Life Goes On During Old Havana Renovation

ByABC News
December 1, 2000, 12:40 PM

H A V A N A, Dec. 3 -- Salsa music dances over wet laundry flapping from the open second-floor windows of Old Havanas crumbling buildings, mixing with the harsh sounds of workers scraping, hammering and drilling in the spaces below.

While using foreign money to renovate centuries-old plazas and build new ground-floor shops and restaurants that will attract tourists to the citys once-seedy historic center, the city is allowing many neighborhood residents to stay in the floors above.

The result is a mix of contradictions: Canadian and European tourists stroll through narrow streets crowded with Cubans, including special police officers and black market hucksters selling illegal rum and cigars.

Bands play Guantanamera and ballads to revolutionary icon Ernesto Che Guevara late into the night in front of Baroque churches, Romanesque forts and art deco hotels.

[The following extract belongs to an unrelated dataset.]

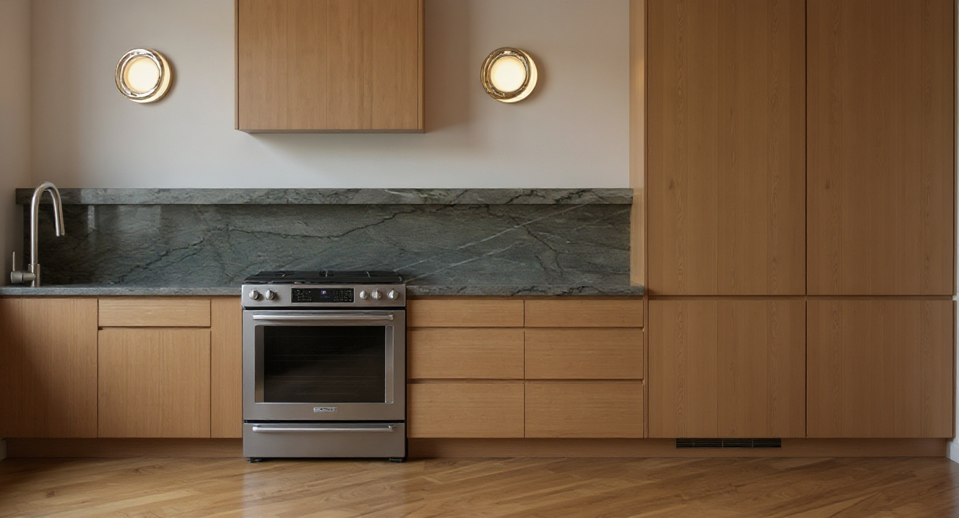 render a modern architectural design of two adjacent houses with a sleek minimalist style the left house features a muted beige exterior light wooden paneling on doors and a glass balcony while the right house is predominantly white with rounded wooden slats on the side both houses have large glass windows reflecting a clear blue sky set in a serene atmosphere create a soft gradient sky transitioning from pastel pink to light blue at the horizon the overall scene should convey a sophisticated and tranquil ambiance architecture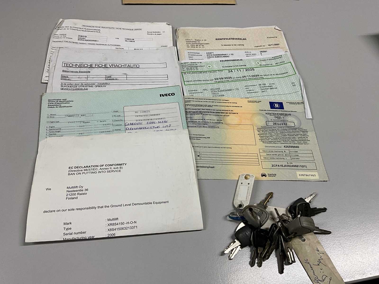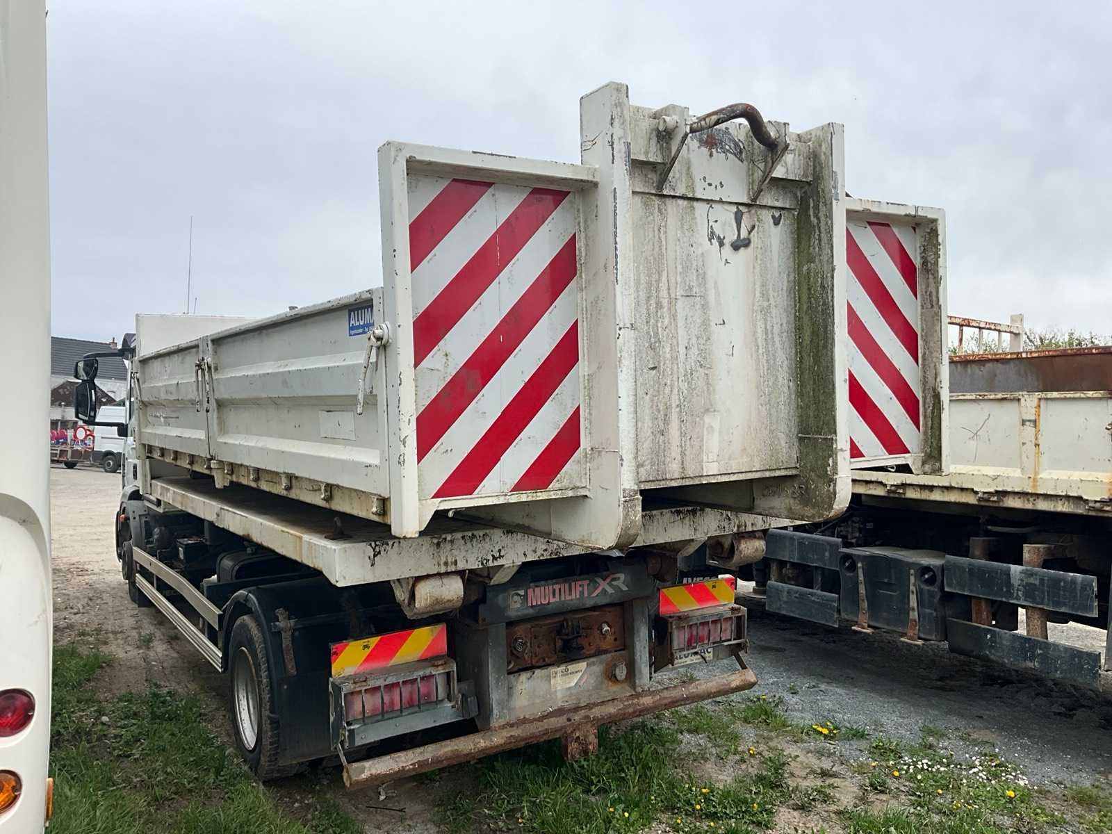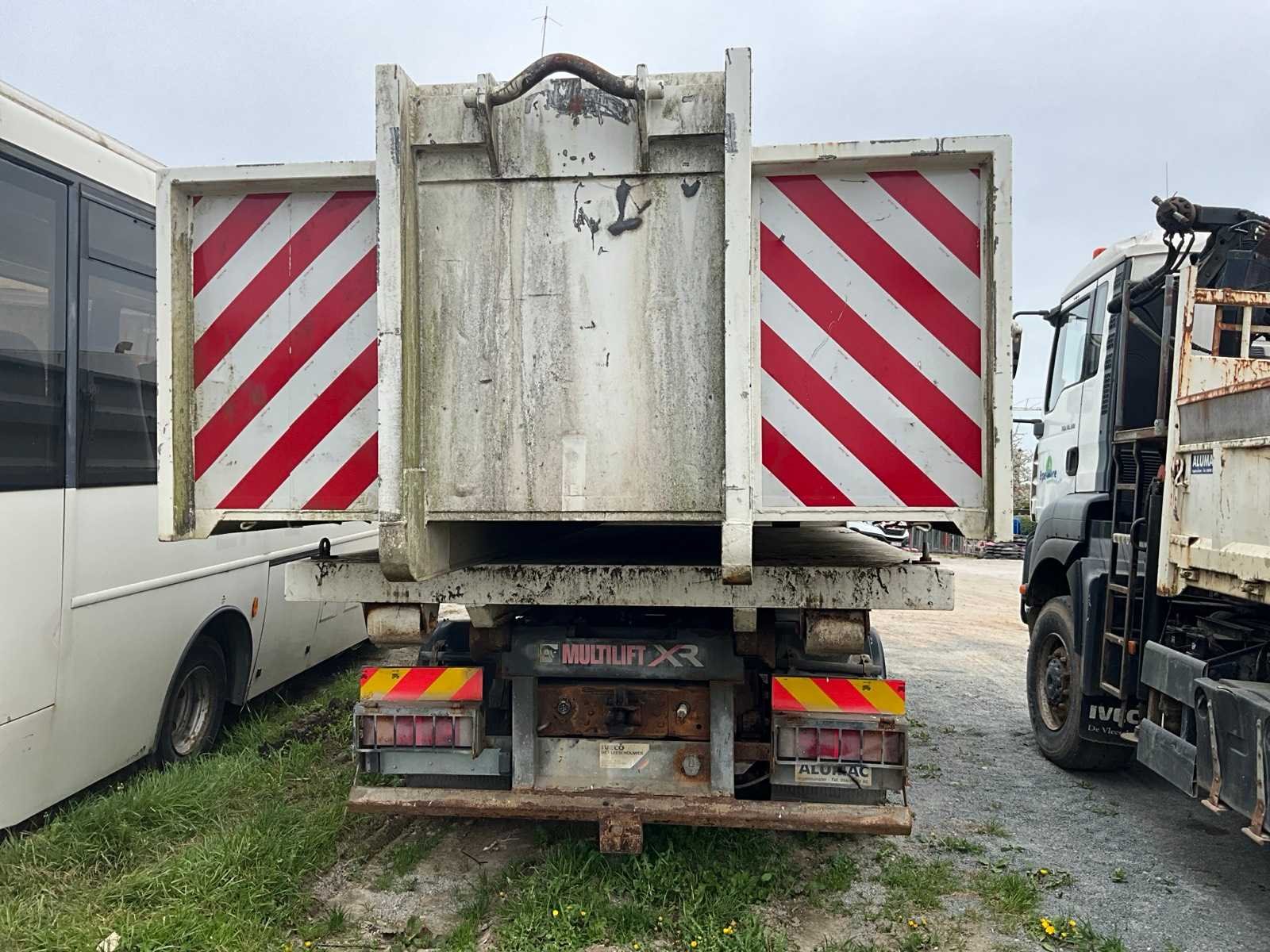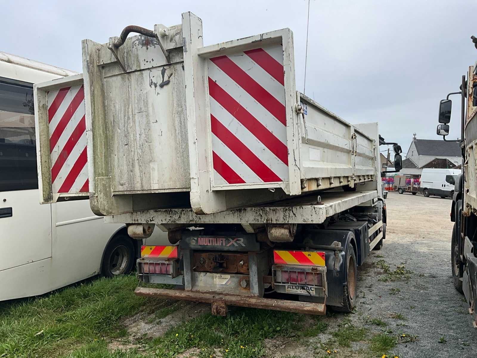 Voorzien van Alumac opbouw en Multimift QR85 containerhaak 8 ton ‘2006, 1x platte container +1x afvalcontainer met zij en achterdeuren, materiaalkast achter bestuurderscabine, Belgische boorddocumenten compleet Nee Merk: Iveco Type: Eurocargo Bouwjaar: 2006 Chassisnummer VIN: ZCFA1EJ0302496811 Cilinderinhoud: 5880cc Kilometerstand bij opname: 70000km Datum eerste toelating: 21-11-2006 Type transmissie: Handmatig Aantal assen: 2 Asconfiguratie: 2x4 Fuel Type: Diesel Laadvermogen: 26000kg Aantal sleutels: 2 Emissieklasse: Euro 5 Totale afmeting L: 7500mm Totale afmeting Breedte: 2500mm Totale afmeting Hoogte: 2650mm Afgelezen kilometerstand: 70000km Nationaliteit documenten: Belgische Aantal zitplaatsen: 2 Handgeschakelde versnellingsbak: true Diesel: true

We want to recover everything we can, but not to create a movie set. We want to recover the life of the city, says Patricia Rodriguez, an architect and coordinator of the City Historians Office, which is overseeing the renovation.

Renovations in other Latin American colonial cities, such as San Juan, Puerto Rico, and Cartagena, Colombia, were elitist, she says. The residents were expelled; the buildings were bought by the rich. They restored them but left the center like a beautiful body with no soul.

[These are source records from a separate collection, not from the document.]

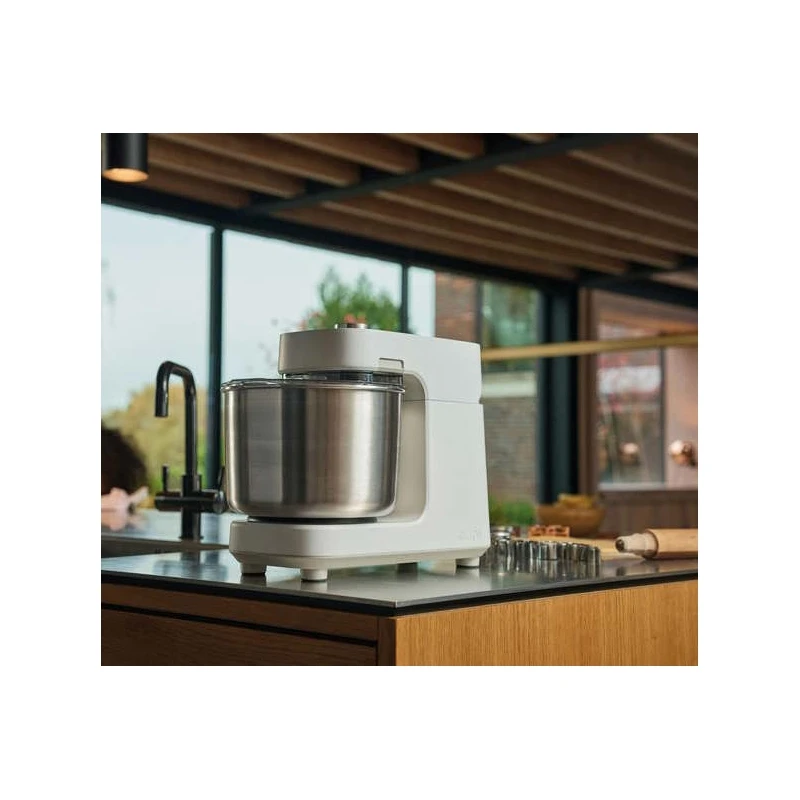 La macchina è completata da accessori intercambiabili: frusta ingranata, sbattitore flessibile e gancio impastatore, per ampliare le preparazioni anche a dolci, pasticceria e impasti leggeri.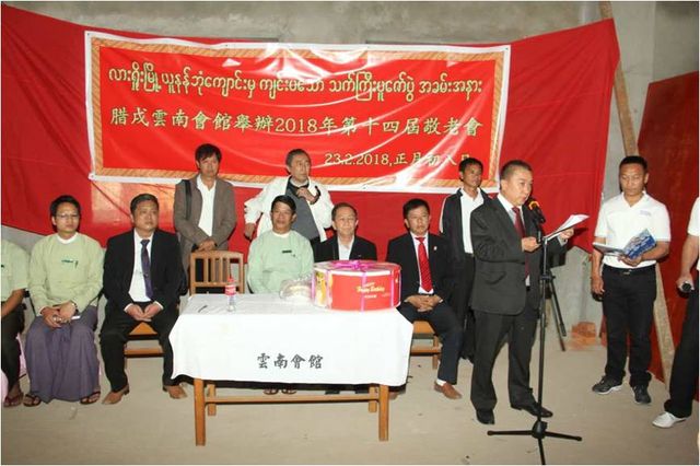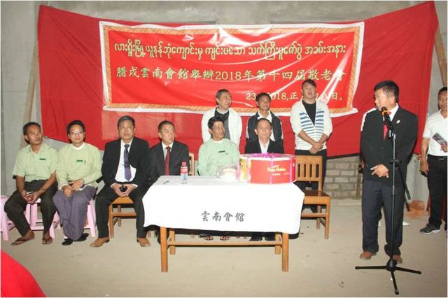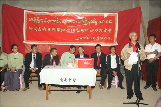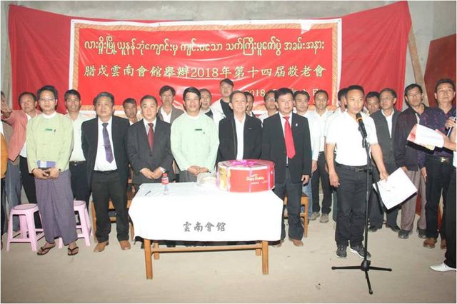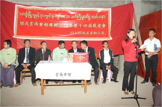 敬老会于2月23日下午2:30分在腊戌云南同乡会正在兴建的会馆大楼举行,云南同乡会荣誉会长杨立光,会长聂惟仁,常务副会长魏开智,副会长姜孟明、常启固、杨贵生、刘正昌、杨体良,监事长郑显聪,以彭国美为首的妇女妇女会姐妹,各位理、监事,恭敬地邀请老龄同乡入会,向他们表达最崇高的敬意和慰问。敬老会由杨贵生副会长、央正礼秘书联袂主持,杨贵生副会长兼任缅文翻译。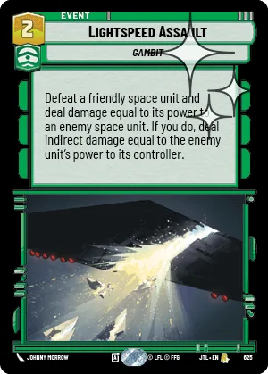 Defeat a friendly space unit and deal damage equal to its power to an enemy space unit. If you do, deal indirect damage equal to the enemy unit's power to its controller.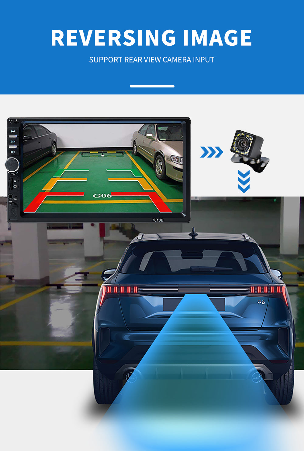 7.Car Parking System Assistance. It will turn into the parking mode automatically, record the traffic.(Rear View Camera Not Included)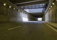 A paved road in Barcelona, Spain passes under a bridge illuminated with artificial lights. The symmetrical tunnel creates a low-ceilinged effect. Tints and shades of light create a captivating scene in the heart of the city.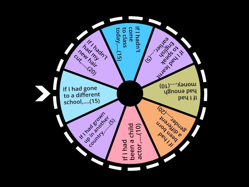 If I hadn't had my new hair cut,.....(20), If I hadn't come to class today,....(15), If I had learnt to speak English earlier,....(5), If I had had enough money,....(10), If I had been born a different gender,....(20), If I had been a child actor,....(10), If I had grown up in another country,......(5), If I had gone to a different school,....(15).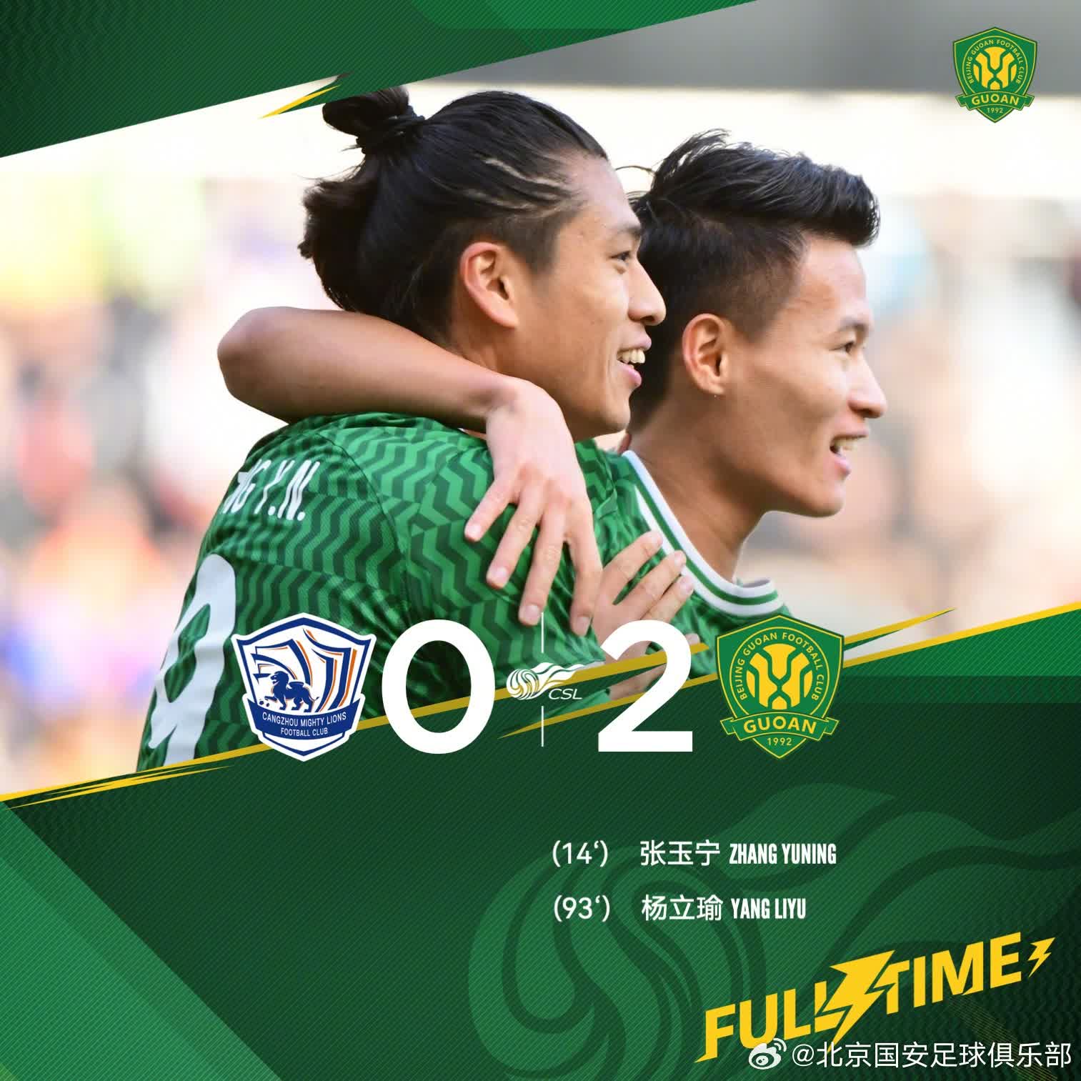 3月2日下午,北京国安队在2024赛季中超联赛首轮中,凭借张玉宁、杨立瑜上下半场的进球,客场以2比0完胜沧州雄狮队,拿下赛季“开门红”。

Pouring Money Back Into Old Havana

The office founded by City Historian Eusebio Leal operates a construction company and a real estate firm as well as hotels, shops and restaurants, all aimed at raising money to pour back into Old Havanas restoration.

Workers strip old masonry structures of rotting wood and buckling plaster and then reconstruct the buildings practically from the ground up. Halting Old Havanas slide into ruin will take at least 20 more years more, says Rodriguez.

Its a race against time, she says. Every three days or so we have a couple of collapses, anything from a room or a piece of a balcony to an entire building.